== Raw data ==
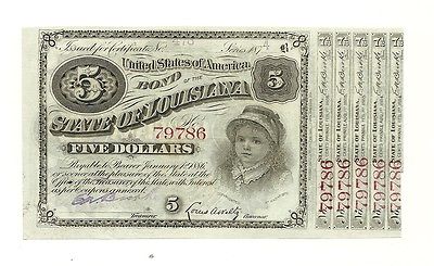 Title (ebay affiliate link): Post-Civil War $5.00 State of Louisiana "BABY BOND" 1870s
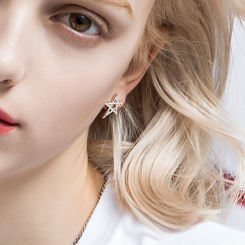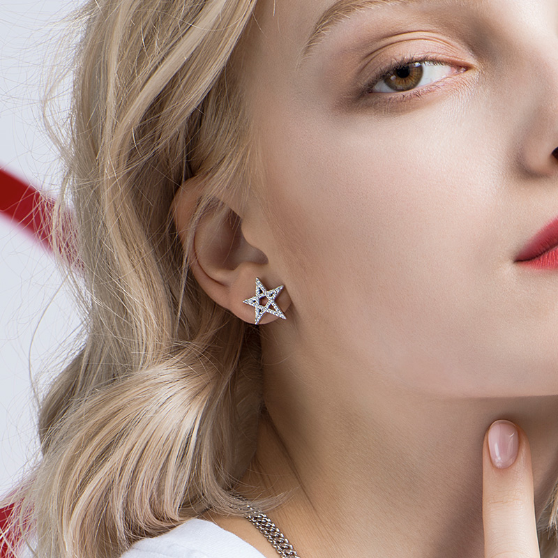 HEFANG star jewelry small star stud earrings 925 sterling silver women's simple cold wind accessories earrings ear jewelry
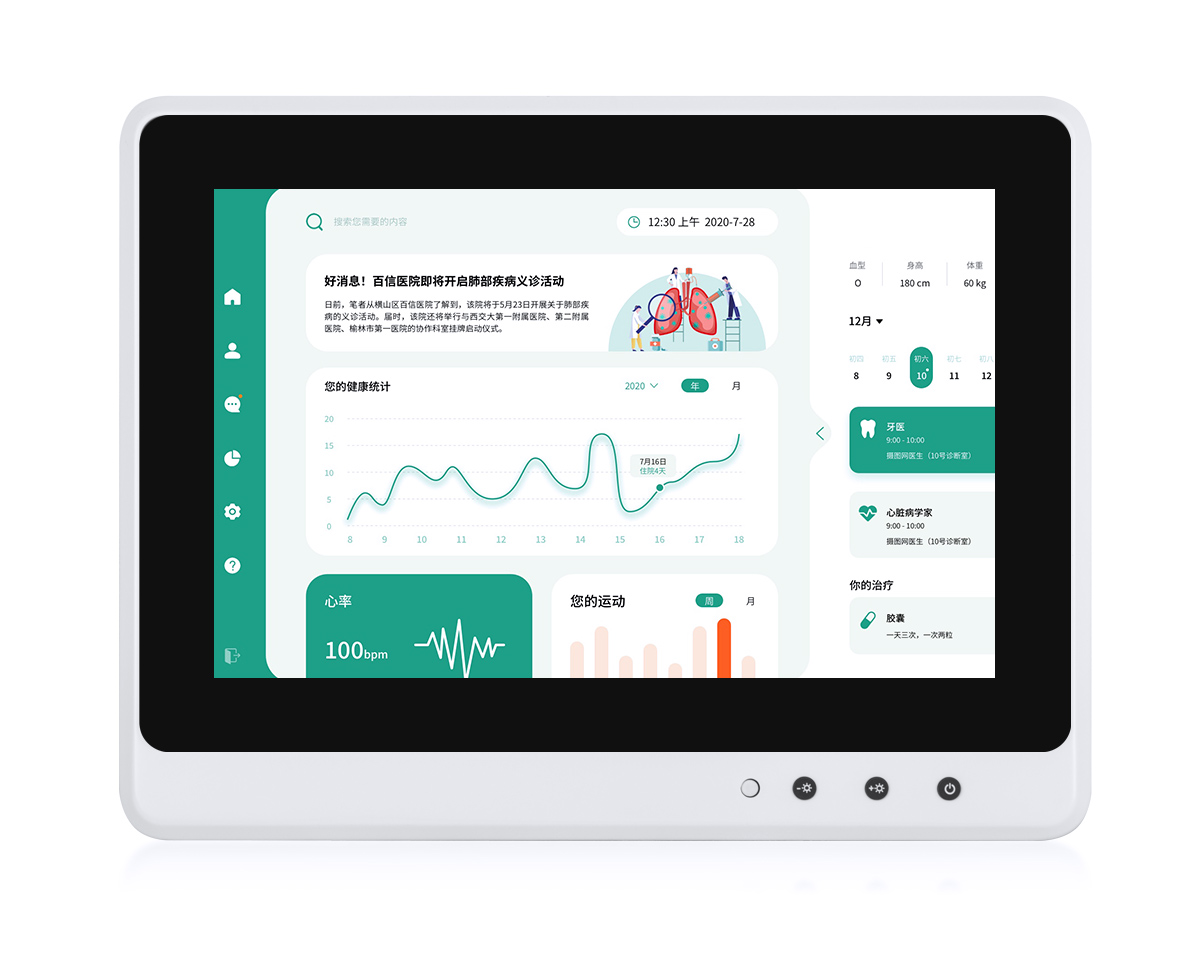 1、車載醫療電腦一體機 2、專為醫療移動推車防振、抗干擾、防靜電、防塵防水等要求而打造 3、采用J6412四核芯片配置,內部抗干擾布局,杜絕灰屏、屏幕顆粒現象 4、適應醫院強電磁環境,能滿足醫療移動推車的各種需求,提供多種工作效能 5、支持多種安裝方式(懸臂式、壁掛式、吊臂式、球頭支架式) 6、自主研發工業級X86架構主板,性能突出 7、接口豐富齊全 8、兼容性好,支持99%的醫療行業軟件
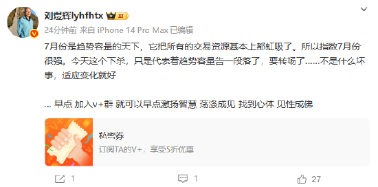 刘煜辉分析,7月的市场呈现出趋势容量占据主导的特征,几乎吸纳了所有交易资源,这是指数在7月表现强劲的主因。然而,今日市场出现下杀,这标志着趋势容量行情告一段落,市场将迎来新的变化。但他同时强调,这并非坏事,投资者应积极适应市场变化。

== Exercise brief ==
Give the listing above again exactly, minus any images.

== Worked solution ==
 Title (ebay affiliate link): Post-Civil War $5.00 State of Louisiana "BABY BOND" 1870s
 HEFANG star jewelry small star stud earrings 925 sterling silver women's simple cold wind accessories earrings ear jewelry
 1、車載醫療電腦一體機 2、專為醫療移動推車防振、抗干擾、防靜電、防塵防水等要求而打造 3、采用J6412四核芯片配置,內部抗干擾布局,杜絕灰屏、屏幕顆粒現象 4、適應醫院強電磁環境,能滿足醫療移動推車的各種需求,提供多種工作效能 5、支持多種安裝方式(懸臂式、壁掛式、吊臂式、球頭支架式) 6、自主研發工業級X86架構主板,性能突出 7、接口豐富齊全 8、兼容性好,支持99%的醫療行業軟件
 刘煜辉分析,7月的市场呈现出趋势容量占据主导的特征,几乎吸纳了所有交易资源,这是指数在7月表现强劲的主因。然而,今日市场出现下杀,这标志着趋势容量行情告一段落,市场将迎来新的变化。但他同时强调,这并非坏事,投资者应积极适应市场变化。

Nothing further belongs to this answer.